→ **YOUR TASK**
Pictures do not belong in your copy. Repeat all the other data exactly.

→ **RECORDED DATA**
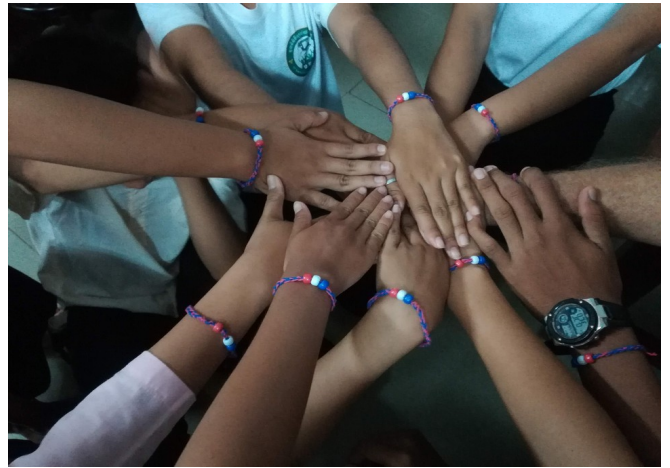
Friendship bracelets – Svay Sisophon
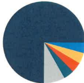
% of Incidents per Zone

Incident Status: Reviewed | Start Date: 02/01/2022 | End Date: 02/28/2022

→ **WRITTEN ANSWER**
Friendship bracelets – Svay Sisophon
% of Incidents per Zone

Incident Status: Reviewed | Start Date: 02/01/2022 | End Date: 02/28/2022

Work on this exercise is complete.